From the list above, we now have manually selected the areas we will be considering for comparison. It's currently a naive approach but since the list is not that expansive, this should be fine (for now).

In [11]:
cs_areas = ['Computer Graphics and Computer-Aided Design','Computer Networks and Communications',
            'Computer Science (all)','Computer Science (miscellaneous)','Computer Science Applications',
            'Computer Vision and Pattern Recognition',
            #'Computers in Earth Sciences',
            'Hardware and Architecture','Human-Computer Interaction','Information Systems', 
            'Information Systems and Management','Management Information Systems','Software',
            'Theoretical Computer Science']
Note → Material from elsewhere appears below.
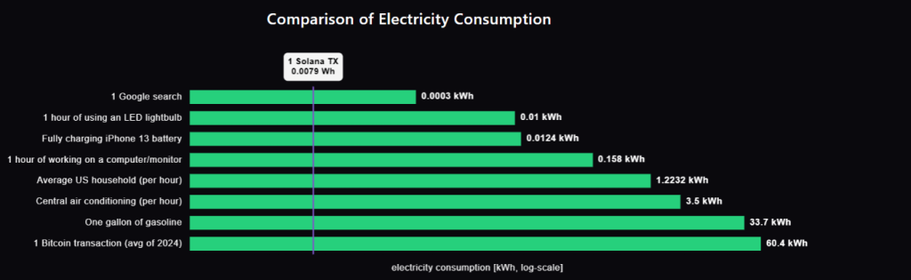 Solana’s PoS algorithm helps it remain energy-efficient compared to Bitcoin’s proof-of-work (PoW), as it doesn’t require extensive computational resources. In fact, each Solana transaction consumes less energy than a Google search.

Spliting the areas into individual rows for each paper so that we can do comparison with the list above for each paper.

In [12]:
paper_areas = pd.DataFrame(data['General Areas'].str.split('; ').tolist(), 
                           index=data['EID']).stack().reset_index([0])
paper_areas.columns = ['EID', 'Area']
paper_areas.head()

Unnamed: 0,EID,Area
0,2-s2.0-85044499335,Dentistry (miscellaneous)
1,2-s2.0-85044499335,"Surfaces, Coatings and Films"
2,2-s2.0-85044499335,Polymers and Plastics
3,2-s2.0-85044499335,Materials Chemistry
0,2-s2.0-85046644134,Multidisciplinary


Selecting the papers with the areas from the list and dropping any duplicates (since it was from the author edges file...)

In [13]:
cs_papers = paper_areas[paper_areas['Area'].isin(cs_areas)].drop_duplicates().reset_index(drop=True)
cs_papers.head()

Unnamed: 0,EID,Area
0,2-s2.0-85045563943,Theoretical Computer Science
1,2-s2.0-85045563943,Computer Science (all)
2,2-s2.0-84995784254,Computer Science Applications
3,2-s2.0-85045991739,Computer Science Applications
4,2-s2.0-85046751690,Computer Networks and Communications


In [14]:
cs_authors = data[data['EID'].isin(cs_papers['EID'])]
cs_authors.shape

(4284, 13)

In [15]:
cs_authors.head()

Unnamed: 0,Author 1,Author 2,ID 1,ID 2,Affiliation 1,Affiliation 2,Year,DOI,EID,General Areas,Specific Areas,AUID 1,AUID 2
15,Kelvin C. Buño,Francis George C. Cabarle,57200600155,53983599800,University of the Philippines - Diliman,University of the Philippines - Diliman,2018,,2-s2.0-85045563943,Theoretical Computer Science; Computer Science...,MATH; COMP,AUID-57200600155,AUID-53983599800
16,Kelvin C. Buño,Marj Darrel Calabia,57200600155,57201659474,University of the Philippines - Diliman,University of the Philippines - Diliman,2018,,2-s2.0-85045563943,Theoretical Computer Science; Computer Science...,MATH; COMP,AUID-57200600155,AUID-57201659474
17,Kelvin C. Buño,Henry N. Adorna,57200600155,36573213900,University of the Philippines - Diliman,University of the Philippines - Diliman,2018,,2-s2.0-85045563943,Theoretical Computer Science; Computer Science...,MATH; COMP,AUID-57200600155,AUID-36573213900
18,Francis George C. Cabarle,Marj Darrel Calabia,53983599800,57201659474,University of the Philippines - Diliman,University of the Philippines - Diliman,2018,,2-s2.0-85045563943,Theoretical Computer Science; Computer Science...,MATH; COMP,AUID-53983599800,AUID-57201659474
19,Francis George C. Cabarle,Henry N. Adorna,53983599800,36573213900,University of the Philippines - Diliman,University of the Philippines - Diliman,2018,,2-s2.0-85045563943,Theoretical Computer Science; Computer Science...,MATH; COMP,AUID-53983599800,AUID-36573213900


Above is the "final" author edges table for papers with areas published under the computing field.